Each entry that follows should be set down precisely, with its pictures removed.

----

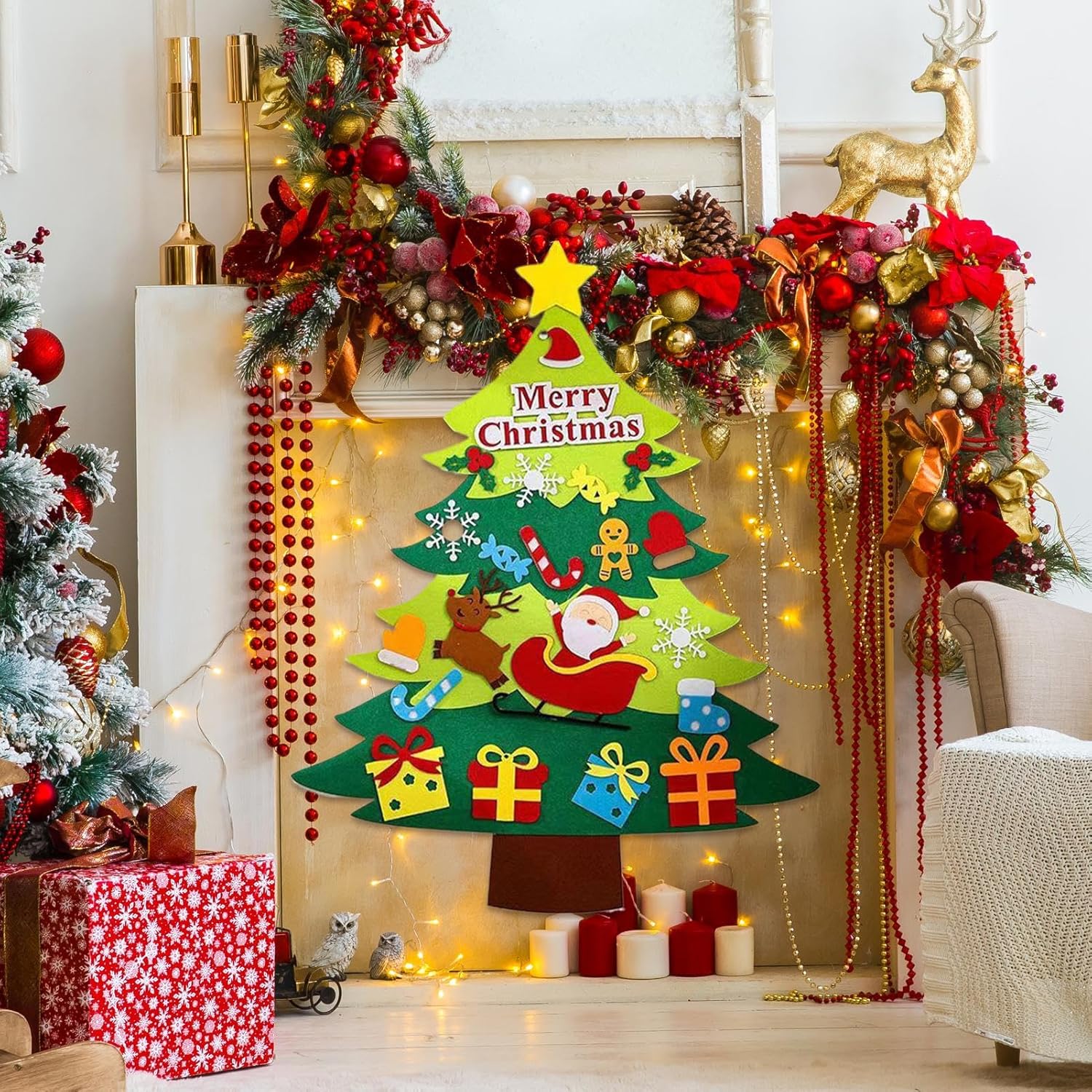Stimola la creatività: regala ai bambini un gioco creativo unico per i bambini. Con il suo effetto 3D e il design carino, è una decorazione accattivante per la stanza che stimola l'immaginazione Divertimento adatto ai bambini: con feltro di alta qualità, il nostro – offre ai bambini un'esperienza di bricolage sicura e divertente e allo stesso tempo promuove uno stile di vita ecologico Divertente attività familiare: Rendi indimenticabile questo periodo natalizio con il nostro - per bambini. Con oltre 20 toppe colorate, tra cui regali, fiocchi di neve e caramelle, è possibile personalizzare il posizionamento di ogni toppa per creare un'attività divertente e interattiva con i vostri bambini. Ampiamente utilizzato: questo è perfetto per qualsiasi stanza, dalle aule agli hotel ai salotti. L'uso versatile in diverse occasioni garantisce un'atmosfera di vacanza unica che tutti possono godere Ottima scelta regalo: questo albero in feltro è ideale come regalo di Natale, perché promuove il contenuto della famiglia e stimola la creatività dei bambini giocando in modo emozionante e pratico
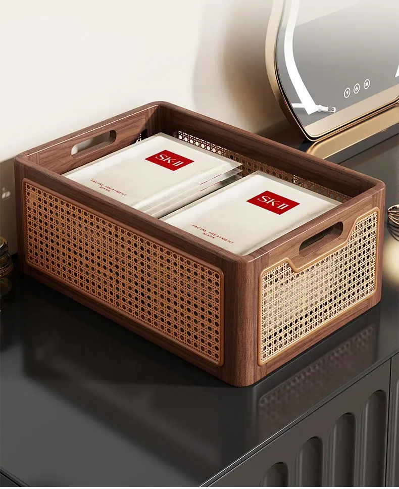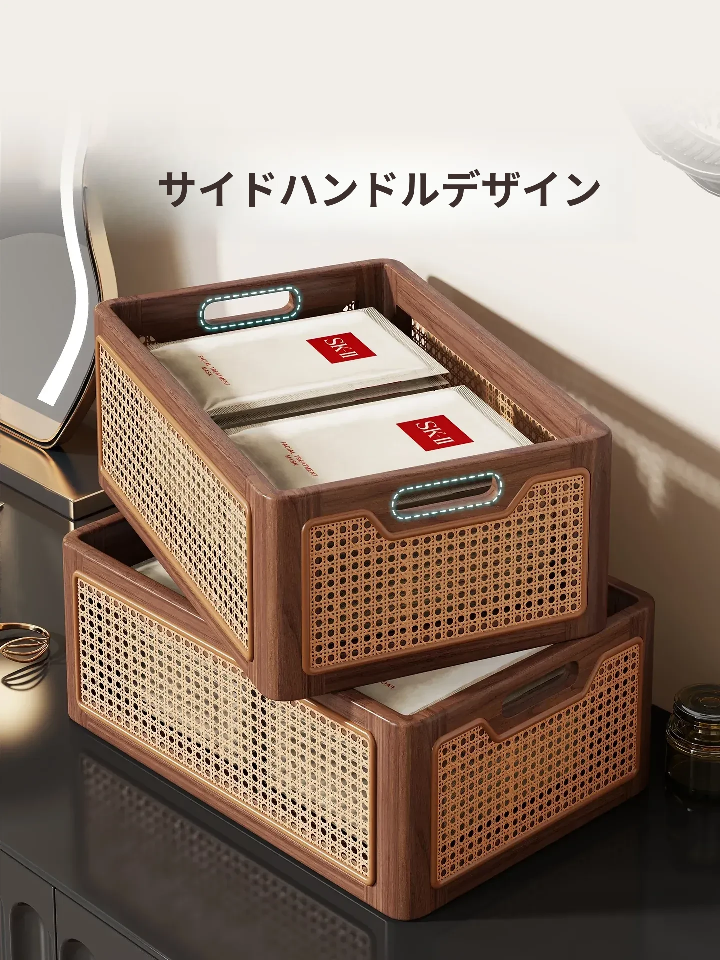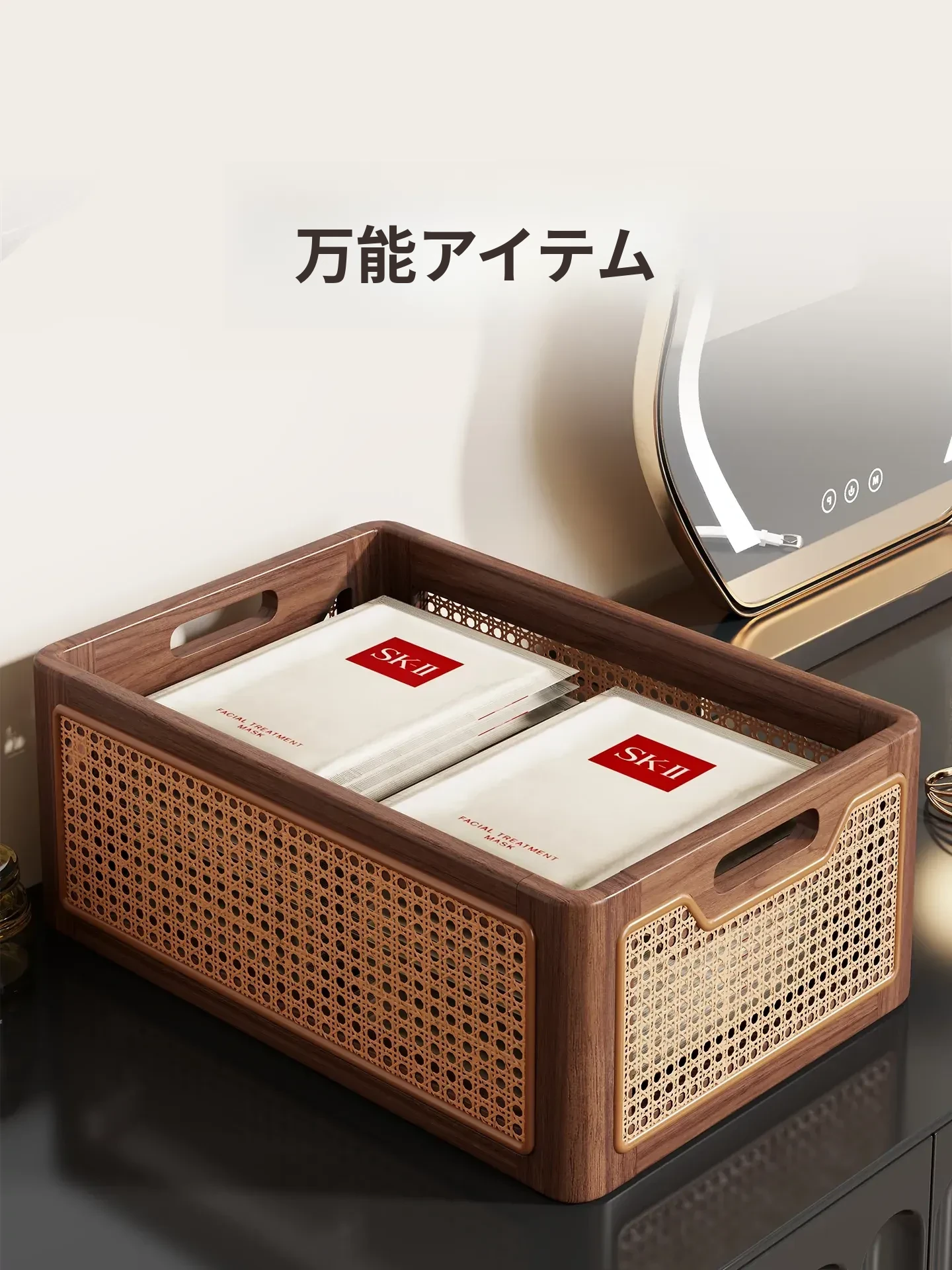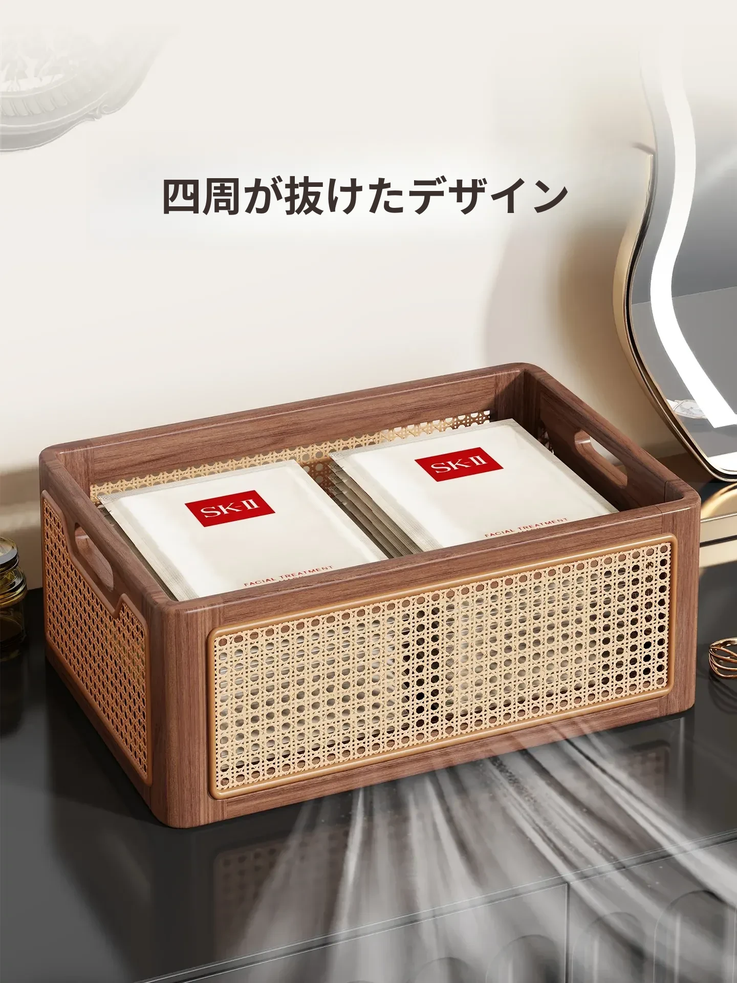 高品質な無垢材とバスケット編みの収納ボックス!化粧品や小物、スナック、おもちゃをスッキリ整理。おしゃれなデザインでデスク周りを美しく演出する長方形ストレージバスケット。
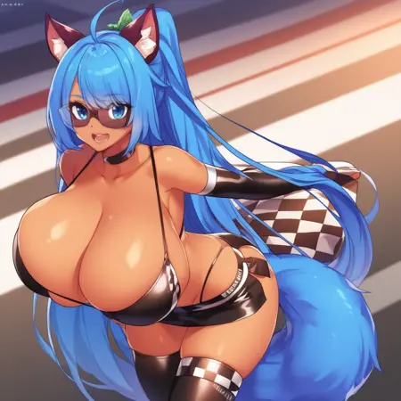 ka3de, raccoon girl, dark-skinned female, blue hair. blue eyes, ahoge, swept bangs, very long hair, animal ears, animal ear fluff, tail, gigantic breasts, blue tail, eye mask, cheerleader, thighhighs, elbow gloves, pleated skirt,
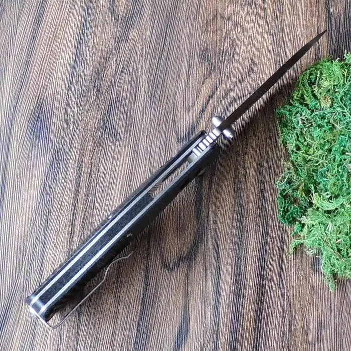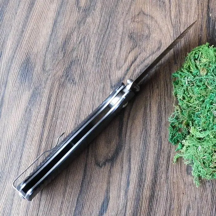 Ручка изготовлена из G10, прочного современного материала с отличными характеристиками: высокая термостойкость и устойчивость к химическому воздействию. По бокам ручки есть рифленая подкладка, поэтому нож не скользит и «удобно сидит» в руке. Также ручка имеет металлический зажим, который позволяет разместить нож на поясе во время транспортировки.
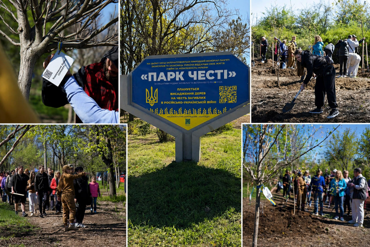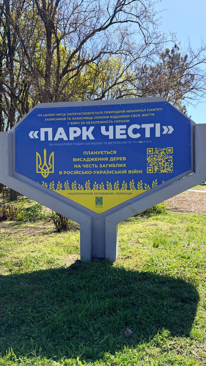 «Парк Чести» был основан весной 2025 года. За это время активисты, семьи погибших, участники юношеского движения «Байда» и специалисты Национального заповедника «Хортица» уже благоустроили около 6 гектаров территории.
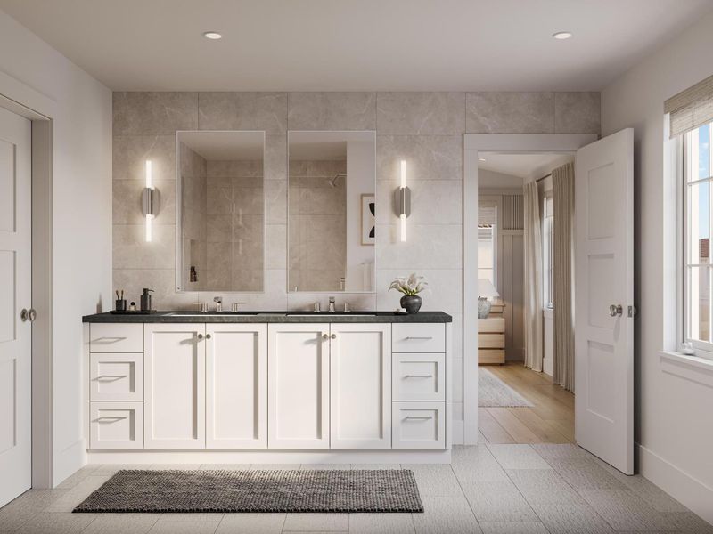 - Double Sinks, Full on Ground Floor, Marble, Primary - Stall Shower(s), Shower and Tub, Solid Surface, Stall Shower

----

Task solution ▸
Stimola la creatività: regala ai bambini un gioco creativo unico per i bambini. Con il suo effetto 3D e il design carino, è una decorazione accattivante per la stanza che stimola l'immaginazione Divertimento adatto ai bambini: con feltro di alta qualità, il nostro – offre ai bambini un'esperienza di bricolage sicura e divertente e allo stesso tempo promuove uno stile di vita ecologico Divertente attività familiare: Rendi indimenticabile questo periodo natalizio con il nostro - per bambini. Con oltre 20 toppe colorate, tra cui regali, fiocchi di neve e caramelle, è possibile personalizzare il posizionamento di ogni toppa per creare un'attività divertente e interattiva con i vostri bambini. Ampiamente utilizzato: questo è perfetto per qualsiasi stanza, dalle aule agli hotel ai salotti. L'uso versatile in diverse occasioni garantisce un'atmosfera di vacanza unica che tutti possono godere Ottima scelta regalo: questo albero in feltro è ideale come regalo di Natale, perché promuove il contenuto della famiglia e stimola la creatività dei bambini giocando in modo emozionante e pratico
 高品質な無垢材とバスケット編みの収納ボックス!化粧品や小物、スナック、おもちゃをスッキリ整理。おしゃれなデザインでデスク周りを美しく演出する長方形ストレージバスケット。
 ka3de, raccoon girl, dark-skinned female, blue hair. blue eyes, ahoge, swept bangs, very long hair, animal ears, animal ear fluff, tail, gigantic breasts, blue tail, eye mask, cheerleader, thighhighs, elbow gloves, pleated skirt,
 Ручка изготовлена из G10, прочного современного материала с отличными характеристиками: высокая термостойкость и устойчивость к химическому воздействию. По бокам ручки есть рифленая подкладка, поэтому нож не скользит и «удобно сидит» в руке. Также ручка имеет металлический зажим, который позволяет разместить нож на поясе во время транспортировки.
 «Парк Чести» был основан весной 2025 года. За это время активисты, семьи погибших, участники юношеского движения «Байда» и специалисты Национального заповедника «Хортица» уже благоустроили около 6 гектаров территории.
 - Double Sinks, Full on Ground Floor, Marble, Primary - Stall Shower(s), Shower and Tub, Solid Surface, Stall Shower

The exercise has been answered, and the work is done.